Avec ce procédé, Bong Joon Ho a accès à un vide métaphysique passionnant sur l’identité, sur le moi intérieur, sur le fait d’être humain. Pourquoi chaque nouveau clone est différent du précédent s’il s’agit du même individu ? La question n’est jamais effleurée, malgré le changement de comportement des différents Mickey. Bong Joon Ho pouvait aussi facilement faire un parallèle avec l’aliénation de l’individu, sacrifié sur l’autel du profit, sur l’effacement de la mémoire et des sentiments collectifs et personnels. Mais il ne fait qu’effleurer ces pérégrinations psychologiques, préférant se concentrer sur ses motivations politiques.

Une direction artistique dingue

Mickey 17 frappe également par son équilibre entre tous les genres qu’il aborde. Comédie, satire sociale, film de science-fiction, film de guerre, film d’action, fable écologique, l’oscillation entre les registres, marque de fabrique du cinéaste, est ici parfaitement maîtrisée. Bong Joon Ho atteint des sommets de virtuosité, aidé par la photographie superbe de Darius Khondji. Crasseux et organique, Mickey 17 propose une science-fiction qui emprunte autant à Star Wars qu’à Brazil.

Mickey 17

Lorsqu’on est avec les puissants, les décors, plus colorés, plus excentriques, semblent être hors du temps, hors d’une réalité physique. A contrario, lorsqu’on est avec les prolétaires, la mise en scène opte pour une approche crasseuse, organique, où les gens saignent, transpirent et baisent. Les décors sales n’ont rien à envier à la direction artistique d’un Alien par exemple. L’idée est ainsi d’éviter une science-fiction aseptisée, clinique et désincarnée. 

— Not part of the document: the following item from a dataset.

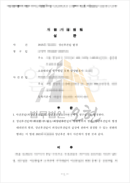 의뢰인 E씨는 고령의 부모가 치매 진단을 받아 성년후견 개시 결정이 내려진 이후,기존 후견인이 타지에 거주하여 실질적인 돌봄이 이루어지지 못하는 점을 문제 삼았습니다.이에 사건본인의 복리를 위해 인근에 거주하는 본인을 새로운 후견인으로 선임해 달라는 변경 청구를 제기했습니다.
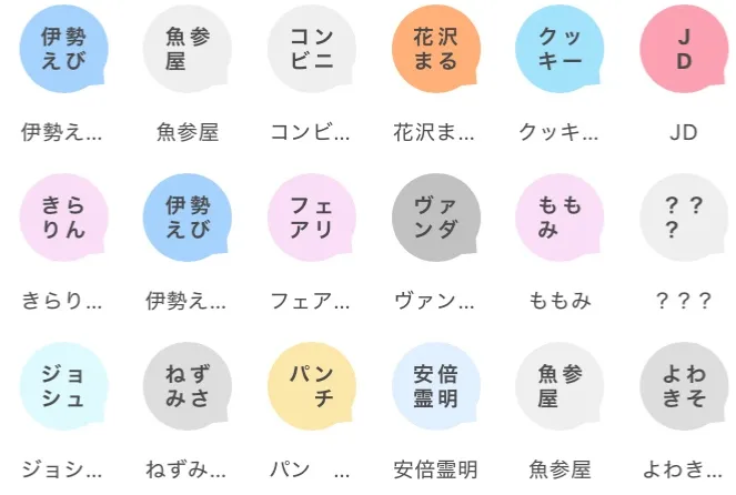 名前・色を同じにしているので、区別がつきません!

Seul bémol, Mickey 17 est parfois trop généreux, trop glouton, trop foutraque. Bong Joon Ho a des difficultés à faire le tri dans ce qu’il veut aborder, donc il décide de parler de tout. Certaines intrigues sont alors laissées de côté à l’image de ces mafieux au début du récit (qu’on reverra à peine le temps d’une séquence prétexte) ou même via la trajectoire de certains personnages comme celui d’Anamaria Vartolomei (Le Comte de Monte Cristo), totalement expédiée. Cela donne parfois une sensation de fourre-tout, qui ne permet pas à l’émotion de réellement exister.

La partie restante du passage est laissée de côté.